# Univariate Gaussian MLE

## Problem Statement

I have $n=100$ pieces of indepdendent and identicially distrubuted (i.i.d) data related to some measurement that is drawn from a **normal distribution**.

Your task is to write code that computes $\mu_{MLE}$ and $\sigma_{MLE}$, which represent the mean and standard deviation computed via MLE, respectively, of the underlying normal distribution for the dataset "MLE_dataset.npy"

## Variable Definitions

1. x = collection of data points ($x_1,x_2,...,x_n$). Loaded in as a numpy array of shape (100,)
2. $\mu$ = mean of the normal distribution
3. $\sigma$ = standard deviation of the normal distribution

## Useful Numpy functions

1. x.shape : returns a tuple that contains the dimension(s) of the numpy array variable name "x"

## Starting information

You are given "MLE_dataset.npy" which contains the aforementioned data in the form of a numpy array.

You are also given a "load" function which, given the path to "MLE_dataset.npy", will load the values into a numpy array variable and return said variable.
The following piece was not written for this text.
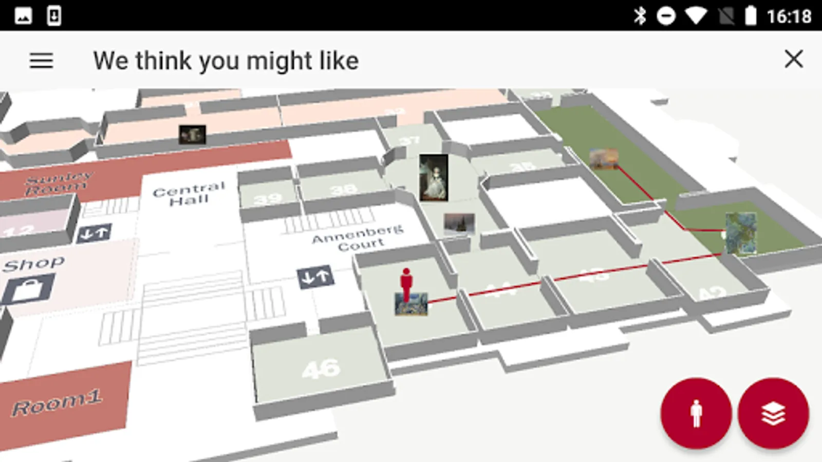 The digital map allows you to explore and navigate your way through the National Gallery, highlighting recommended paintings, selected routes and pin pointing your location. The app will pick up your location automatically once you are physically in the Building. On the pop up window click on enter and tap on the thumbnails to learn more about individual paintings.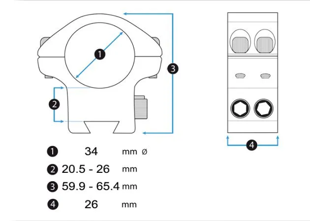 El soporte de cola de milano de 34 mm de elevación ajustable Vector Optics X-Accu tiene una altura de elevación ajustable de 37,5 a 43 mm. La altura de elevación del soporte se mide desde la parte inferior del soporte hasta el centro del anillo y tiene un rango de ajuste de 5,5 mm.

For a single piece of data, $x_i$, if the data is drawn from a normal distribution, the likelihood of that data given some values $\mu$ and $\sigma^2$ can be represented as:

$$p(x_i | \mu, \sigma^2) = \mathcal{N}(x_i; \mu, \sigma^2) = \frac{1}{\sqrt{2\pi\sigma^2}} * \text{exp} \ [-\frac{1}{2}(\frac{x_i - \mu}{\sigma})^2]$$

In our case, we aren't dealing with a single observation, but $n=100$ observations. Because our observations are **independent**, we can represent our likelihood function for all observations as the product of the individual observations:

$$p(x | \mu, \sigma^2) = \Pi_{i=1}^N \mathcal{N}(x_i; \mu, \sigma^2) = (\frac{1}{2\pi\sigma^2})^{n/2} * \text{exp} \ [-\frac{1}{2}\sum_{i=1}^N (\frac{x_i - \mu}{\sigma})^2]$$


## Task

Using the starting information, your task is to:
1. Derrive the formula for $\mu_{MLE}$
2. Derrive the formula for $\sigma_{MLE}$
3. Write code based on your answers to (1) and (2) that correctly finds $\mu_{MLE}$ and $\sigma_{MLE}$ for the data set "MLE_dataset.npy"

## MLE estimates for $\mu$ and $\sigma^2$ (not given to students)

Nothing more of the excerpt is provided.